“Ah, Kate!” he cried, springing out of the carriage. “Mad Kate, merry Kate, the daintiest Kate of all the Kates, and sometimes the curst, that right merrily I will.”

On the way home he induced her to talk of Gorgas, and as an elder sister she entered readily into a discussion of her future education. She told of the child’s fondness for boyish sports. Did he know that Gorgas had won a huge silver cup in a tennis contest? Yes, indeed; she had carried it off matched against pretty stout boys. Quite a hoyden, she was. Of course, she was getting too old for that sort of thing now. Something had to be done. She agreed that whatever it should be, it should be done gradually. The child must not be driven. So Blynn very adroitly filled Miss Keyser’s mind with the right attitude toward Gorgas. He was sure of having an ally in the work he had before him, and one that would not in his absence set up wrong family currents.

Twilight was settling when they arrived home. From McAlley, stableman, errand-boy and gardener, he learned that Gorgas and “Gyp” had not come back.

“She’ll be ’long soon,” McAlley remarked without concern. “Mebbe ‘Gyp’ is playin’ lame. He’s a scamp, that he is, a scamp.”

Blynn could not share McAlley’s indifference. His heart beat horridly, and for no good reason that his mind could tell him. The family always dined late, and the household was run on a do-as-you-please system. Perhaps this child had been out at dusk many times before. All that he told himself; yet terrifying apprehension seized him.

In fifteen minutes he was plunging down Cresheim Valley, now quite shadowy. Up the hill before him came a slow figure walking beside a horse. He dove into the bushes and watched her pass him. In the deceptive gloom she seemed to him again a self-possessed little woman. Far enough back he followed, within him the sickening relief that comes after sudden fear.

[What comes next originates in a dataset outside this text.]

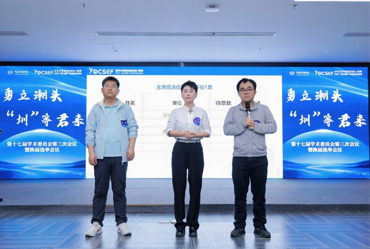 AC副主席竞选环节由张莹主持,张海刚(深圳职业技术大学)、陈科海(哈尔滨工业大学(深圳))、王晶晶(北京大学深圳研究生院)、李卓钊(南方科技大学)4人参与竞选。通过竞选演讲、投票与集体提问环节,张海刚(深圳职业技术大学)、陈科海(哈尔滨工业大学(深圳))、李卓钊(南方科技大学)当选为2026-2027年度CCF YOCSEF深圳候任AC副主席。
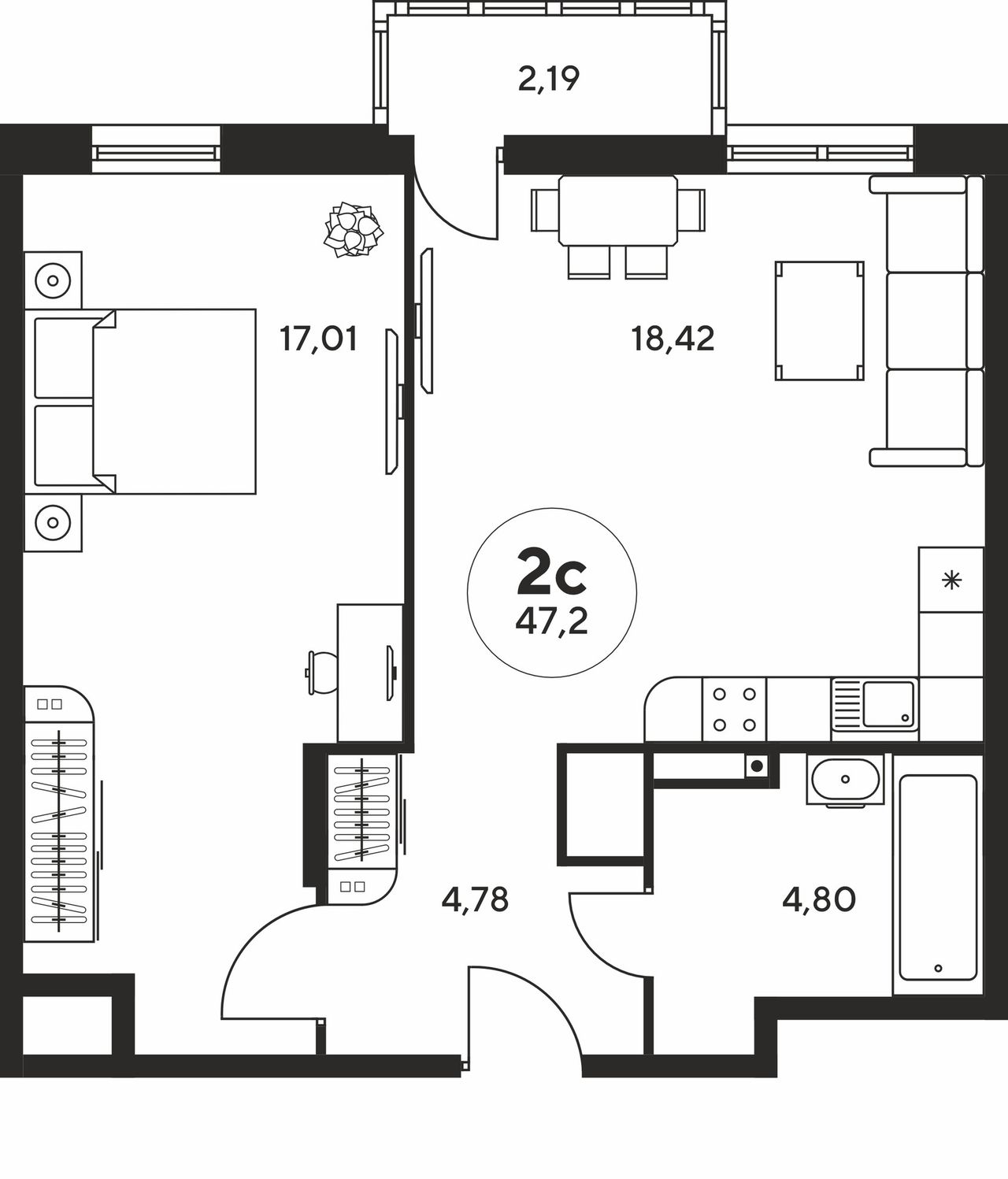 Общая площадь47,05 м²

“I’ll never get used to this,” he said to himself, as he lost sight of her in the dark, when she turned into her own lane. “If that lassie belonged to me I’d see that she’d come home in daylight. She has no idea of the risk she’s running.”

He could not discern figures any longer, but he could make out McAlley’s lantern and could hear the voices.

He was feeling quite peaceful until one-armed “Aurora,” the lamp-lighter, who always loped along half bent over, gave him a fright by suddenly bobbing around the corner and scuttling across the road to a crazy street-lamp.